(DATASET EXTRACT)

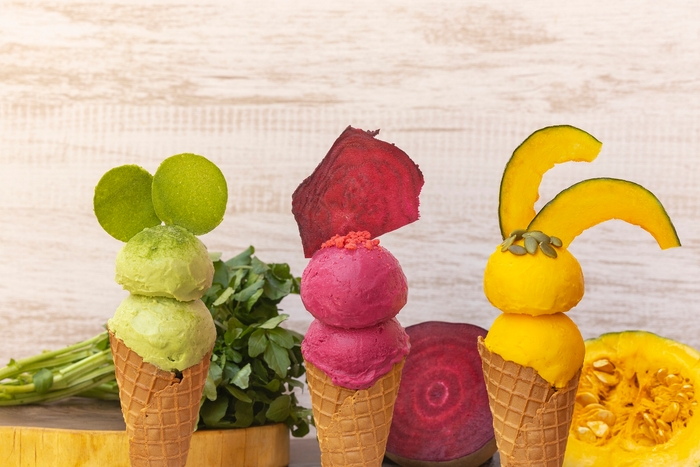 今年は、それぞれの夏野菜が持つ味わいを活かした「夏野菜のジェラート」が新登場します。クレソンのジェラートは、クレソンのほのかにピリッとする辛味と苦味に、ミルクと合わせることで、マイルドな味わいになります。ビーツのジェラートは、ビーツの自然な甘味を活かした味わいが特徴です。そして、かぼちゃのジェラートは、かぼちゃの香り豊かで濃厚な味わいが楽しめます。夏野菜の味わいと、夏にぴったりのひんやりスイーツを楽しめます。
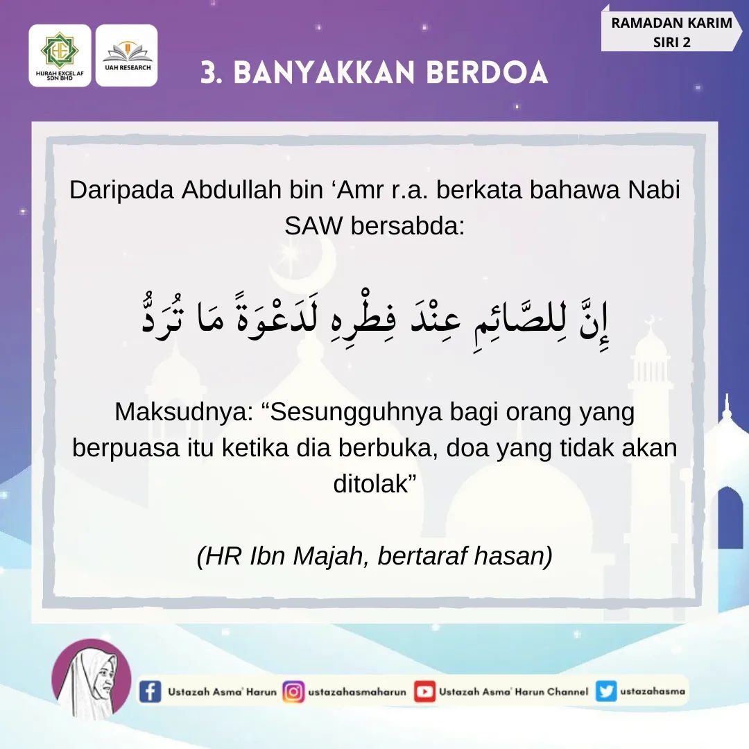 Semoga Ramadan kali ini lebih baik dari sebelumnya. Jom perbanyakkan amal.
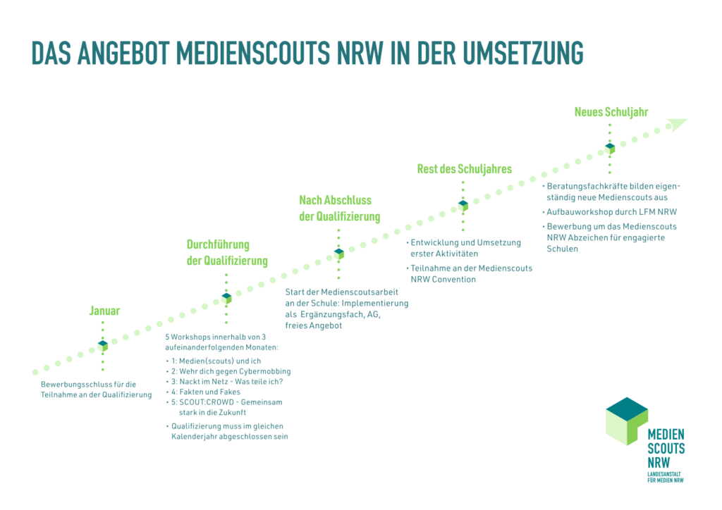Wesentlich für den Erfolg des Angebots ist es, dass Jugendliche als Medienscouts ihre Mitschülerinnen und Mitschüler bei der Mediennutzung beraten. Sie beantworten ihnen die Fragen, die sich ihnen unter anderen rund um die Themen Meinungsbildung im Netz, Cybermobbing und digitale sexualisierte Gewalt stellen. Mit Hilfe des Angebots lernen und vermitteln Schülerinnen und Schüler durch den Ansatz der „Peer-Education“ die Kompetenzen, die Voraussetzung sind für einen sicheren, fairen und selbstbestimmten Umgang mit digitalen Medien.

(End DATASET EXTRACT)

## TASK DIRECTIONS
Leave every picture out, and transcribe the data above exactly as it reads.

## ANSWER TO THE EXERCISE
 今年は、それぞれの夏野菜が持つ味わいを活かした「夏野菜のジェラート」が新登場します。クレソンのジェラートは、クレソンのほのかにピリッとする辛味と苦味に、ミルクと合わせることで、マイルドな味わいになります。ビーツのジェラートは、ビーツの自然な甘味を活かした味わいが特徴です。そして、かぼちゃのジェラートは、かぼちゃの香り豊かで濃厚な味わいが楽しめます。夏野菜の味わいと、夏にぴったりのひんやりスイーツを楽しめます。
 Semoga Ramadan kali ini lebih baik dari sebelumnya. Jom perbanyakkan amal.
Wesentlich für den Erfolg des Angebots ist es, dass Jugendliche als Medienscouts ihre Mitschülerinnen und Mitschüler bei der Mediennutzung beraten. Sie beantworten ihnen die Fragen, die sich ihnen unter anderen rund um die Themen Meinungsbildung im Netz, Cybermobbing und digitale sexualisierte Gewalt stellen. Mit Hilfe des Angebots lernen und vermitteln Schülerinnen und Schüler durch den Ansatz der „Peer-Education“ die Kompetenzen, die Voraussetzung sind für einen sicheren, fairen und selbstbestimmten Umgang mit digitalen Medien.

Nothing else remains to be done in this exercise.